Bieri zieht mit seinem Konzept des Willens und des Urteilens gegen den Determinismus und einer daraus folgenden Resignation zu Felde. Gebetsmühlenartig legt er dar, dass der Wille "von innen" nur in pathologischen Fällen (wie beim zwanghaften Handeln des Spielers) oder "von außen" erpresst (wie beim Zwang zwischen zwei Übeln zu wählen) wirklich unfrei sei. Im Normalfall aber kommt der zukünftige Wille, so Bieri, "nicht auf dich zu wie eine Lawine. Du führst ihn herbei, du erarbeitest ihn dir, indem du von freier Entscheidung zu freier Entscheidung fortschreitest, bis du bei ihm angekommen bist." Dabei betont der Philosoph insbesondere die Funktion des Denkvermögens: "In dem Maße, in dem die Aneignung des Willens auf Artikulation und Verstehen beruht, handelt es sich um einen Erkenntnisprozess. Wachsende Erkenntnis bedeutet wachsende Freiheit.
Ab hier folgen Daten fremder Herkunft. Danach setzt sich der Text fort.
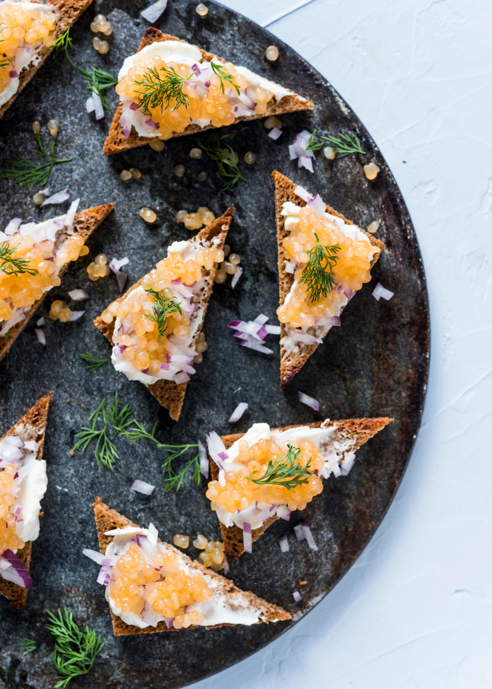 Tämä ei ole mätiä, vaikka siltä näyttääkin! Kyseessä on perunasuurimoista tehty vegaaninen mäti, jota bloggaajamme Perinneruokaa Prkl nimittää vegaariksi, vegaanin kaviaariksi. Ota vegaarin ohje talteen täältä. Alkupalapöytään sopii myös porkkanasta valmistettu vegaaninen "kylmäsavulohi" eli porkkala. Ohjeen porkkalan valmistamiseen löydät täältä.

So gesehen ist Selbsterkenntnis ein Maß für Willensfreiheit." Denn erst das Wissen um die Möglichkeiten, die man haben könnte, und dann das Durchdenken und Bewerten dieser Möglichkeiten, formen einen Willen, der wirklich als eigener und verantwortbarer erkannt werden kann.

Titelbild

Peter Bieri: Das Handwerk der Freiheit. Über die Entdeckung des eigenen Willens.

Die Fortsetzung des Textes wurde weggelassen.